### Dataset section
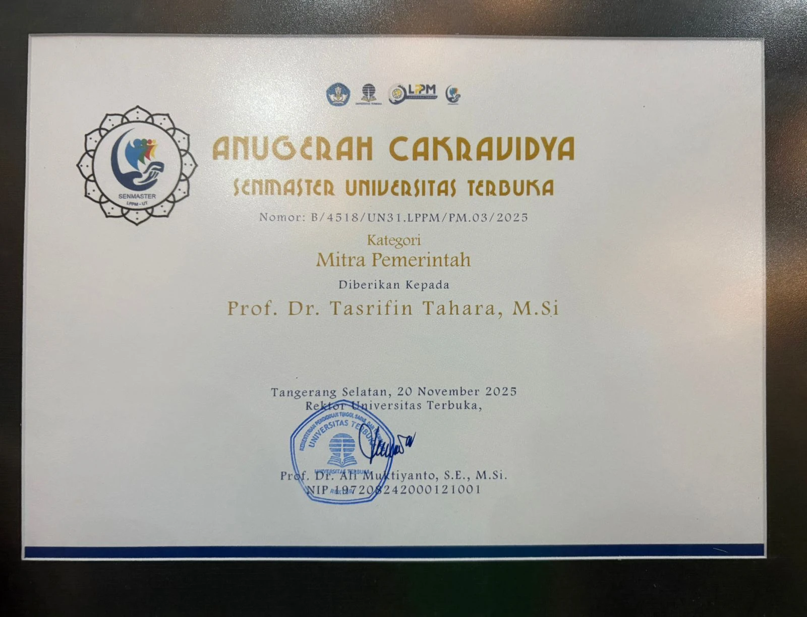 Penghargaan tersebut diserahkan langsung oleh Rektor Universitas Terbuka, Prof. Dr. Ali Muktiyanto, S.E., M.Si., yang menilai Prof. Tasrifin memiliki kontribusi besar sebagai mitra strategis UT dalam pelaksanaan program Pengabdian kepada Masyarakat internasional di berbagai negara.
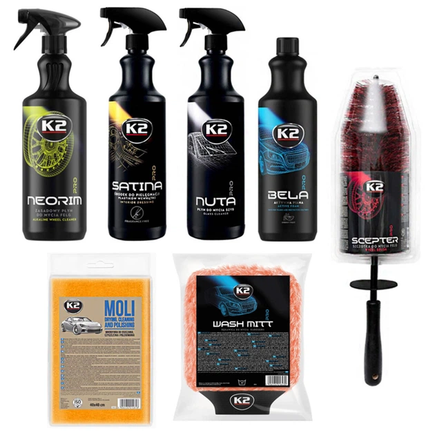 Міні набір для догляду за авто K2 7 од. професійна хімія для чищення кузова та дисків автохімія (1LO-TH11C)
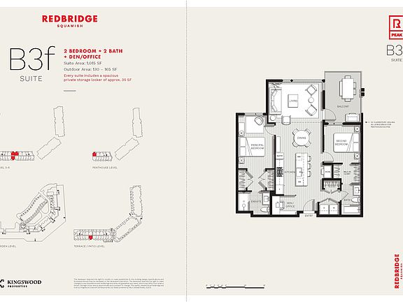 Remarkable 2 Bed + Den with 2 Bath home at Redbridge by Kingswood Properties, a waterfront master-planned community located steps from Downtown Squamish. The meticulously designed, spacious layout supports relaxed, modern living with expansive windows to maximize views of the Mamquam Blind Channel and Tantalus Mountain Range. Enjoy the quality Italian-made kitchen custom designed by Inform, semi-enclosed office or den space, spacious 130 sq. ft. outdoor patio, and convenient side-by-side washer and dryer. Access extensive resort-style amenities at Base Camp, including outdoor plunge pools, co-working spaces, and Sunset Terrace. Book an appointment and see why over 275 homes sold at Redbridge in 7 days!

### What to work on
Repeat all of the data above word for word, minus the pictures.

### Answer below
 Penghargaan tersebut diserahkan langsung oleh Rektor Universitas Terbuka, Prof. Dr. Ali Muktiyanto, S.E., M.Si., yang menilai Prof. Tasrifin memiliki kontribusi besar sebagai mitra strategis UT dalam pelaksanaan program Pengabdian kepada Masyarakat internasional di berbagai negara.
 Міні набір для догляду за авто K2 7 од. професійна хімія для чищення кузова та дисків автохімія (1LO-TH11C)
 Remarkable 2 Bed + Den with 2 Bath home at Redbridge by Kingswood Properties, a waterfront master-planned community located steps from Downtown Squamish. The meticulously designed, spacious layout supports relaxed, modern living with expansive windows to maximize views of the Mamquam Blind Channel and Tantalus Mountain Range. Enjoy the quality Italian-made kitchen custom designed by Inform, semi-enclosed office or den space, spacious 130 sq. ft. outdoor patio, and convenient side-by-side washer and dryer. Access extensive resort-style amenities at Base Camp, including outdoor plunge pools, co-working spaces, and Sunset Terrace. Book an appointment and see why over 275 homes sold at Redbridge in 7 days!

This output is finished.